Gioia hopes the street-cleaning project will continue in Woodside beyond the six months, but hopes local merchants will help to fund it.
"I want to see a revitalization along the Roosevelt Avenue, Queens Boulevard commercial strip. This is the first step in my plan to make this a place people will come to shop and mothers will push their strollers," Gioia said. "Making the streets clean is part of building people's confidence and pride in their neighborhood."
The councilman views the men in the Doe Fund Community Improvement Program as an integral part of Woodside. "Each has overcome personal struggle in their life," he said. They are grateful for positive changes the Doe program is making in their lives.
Life "went downhill" for one of them, Albert Rochet, 47, a former Jackson Heights resident, after he lost his job as a licensed practical nurse in Los Angeles in 1993, and was divorced. He became homeless in 1995.
"I was very depressed," Rochet said. "I didn't feel I'd be able to function on the job." He said the Doe Fund "gave me a place to live, a job, and they gave me my self-respect back."
Edward Lee Cooper, 33, a former Brooklyn resident and another member of the cleanup crew, held seasonal jobs until February 2001. He said he couldn't keep up with his rent and was evicted.
Sweeping up Woodside, Cooper said, "is a very good idea because the area was very messy.
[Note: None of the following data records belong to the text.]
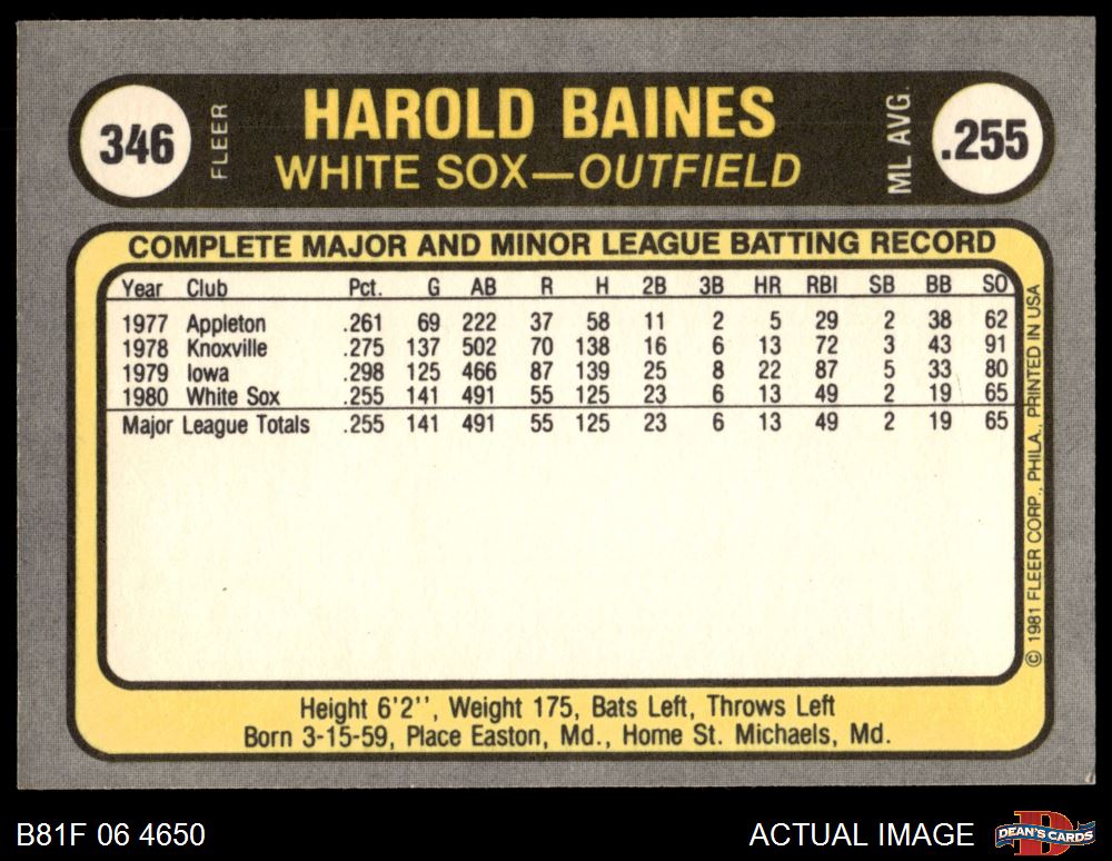 1981 Fleer #346 Harold Baines 8 - NM/MT
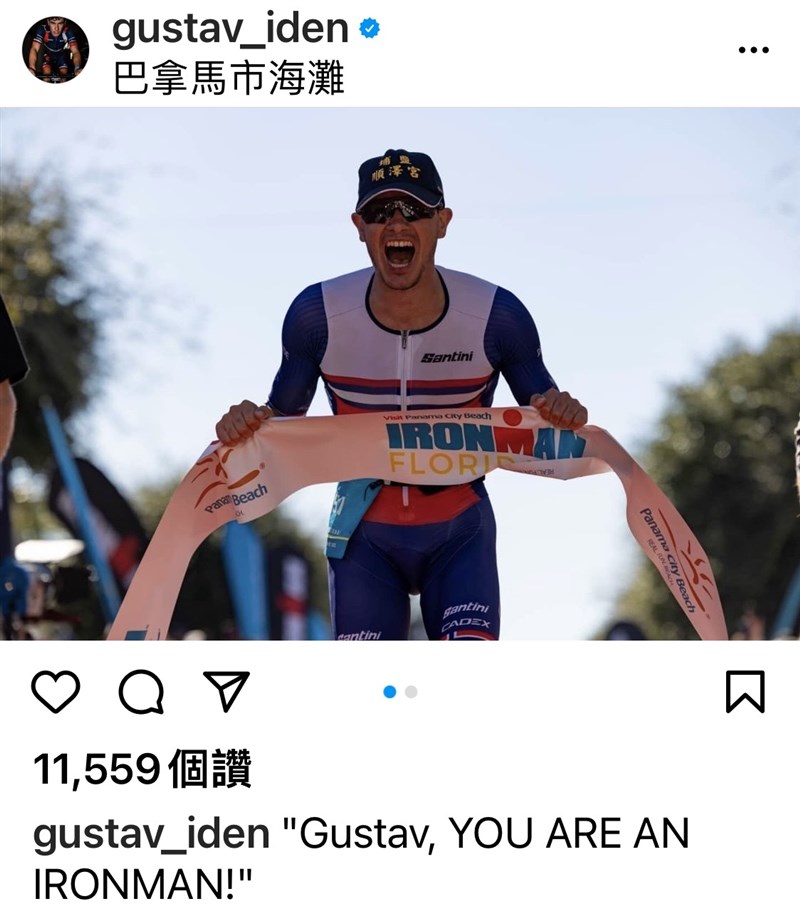 挪威三鐵冠軍好手伊登和順澤宮帽在各大賽場形影不離,在參加「佛羅里達州鐵人三項賽」時也戴著「埔鹽順澤宮」冠軍神帽奪冠。圖/instagram/gustav_iden
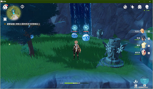 玩家来到如图所示的位置,可以看到一个瀑布,然后在这个瀑布的左边位置,玩家可以看到这个冰属性的史莱姆,在附近还可以看到三个封印的柱子,玩家需要歼灭这些史莱姆,并且使用冰属性攻击来攻击这些柱子,然后就可以解开封印,顺利出现一个宝箱打开即可完成这个宝箱的线索2。
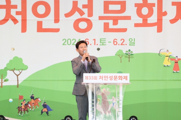 [광성일보] 이상일 용인특례시장은 1일 오후 처인구 남사읍 아곡리 처인성 일원에서 펼쳐진 제33회 처인성 문화제에 참석해 고려를 침략한 몽골군을 격퇴한 처인성 전투를 기념하고 선조들의 호국정신을 본받자고 말했다.고려시대 몽골군에 맞서 싸운 김윤후 승장과 처인부곡민을 기리기 위해 33번째로 열린 이날 처인성문화제는 용인문화원과 (사)용인시불교사암연합회, 처인성기념사업회가 주최했다.시는 국가유산청의 국가유산 호국선열 기념사업 공모 선정을 통해 확보한 국비 2000만원과 시비 6000만원을 지원했다.처인성 전투는 1232년 몽골군을 피해 강화도로 수도를 옮긴 고려 국왕 고종을 위협하기 위해 용인으로 남하한 몽골군에 대항해 승장 김윤후와 부곡민들이 치열하게 맞서 대승을 거둔 전투다.당시 김윤후 승장은 적장인 살리타이를 화살로 사살했고 수장을 잃은 몽골군이 회군하면서 고려는 위기를 넘겼다. 이후 고려왕조는 처인부곡을 처인현(縣)으로 승격됐다. 처인성은 경기도 기념물 44호다.

We've done a good job maintaining it. I'm hoping to regain some stability from this program, to be able to stand on my own two feet once again."
Gary Burden, 39, the third crew member, was a forklift driver living in Boulder, Colo. He held jobs sporadically, and came to New York in October when he couldn't get work.
"People who see us on the streets see somebody who isn't using drugs and alcohol performing a service that in New York is a necessary job."
The fourth member of the crew, Jonathan Carter, 38, a former East Elmhurst resident and school lunch helper, came to the Doe program after being incarcerated for 8 1/2 years for robbery.
"All humans want to be in an environment conducive to them, clean and safe," Carter said of his job. "We sweep, we dump garbage, pick up trash so the community will be cleaner. People say, 'You guys do a great job.' I tell them I'm glad to be in Woodside. Just because I pick up trash, I'm not trash. This program is going to provide me with the opportunity to do things as long as I stay focused."
The men are thankful for the work, and, like Gioia and the Doe Fund, would like to see it continue.
McDevitt expressed hope that the effort, along with Woodside on the Move - a local development corporation that provides storage for equipment and which McDevitt called "the eyes and ears of the operation" - will lead to an extension.
"Hopefully the merchants in the area will see the difference we are making," McDevitt said, "and will work with the councilman to expand the project and keep it going."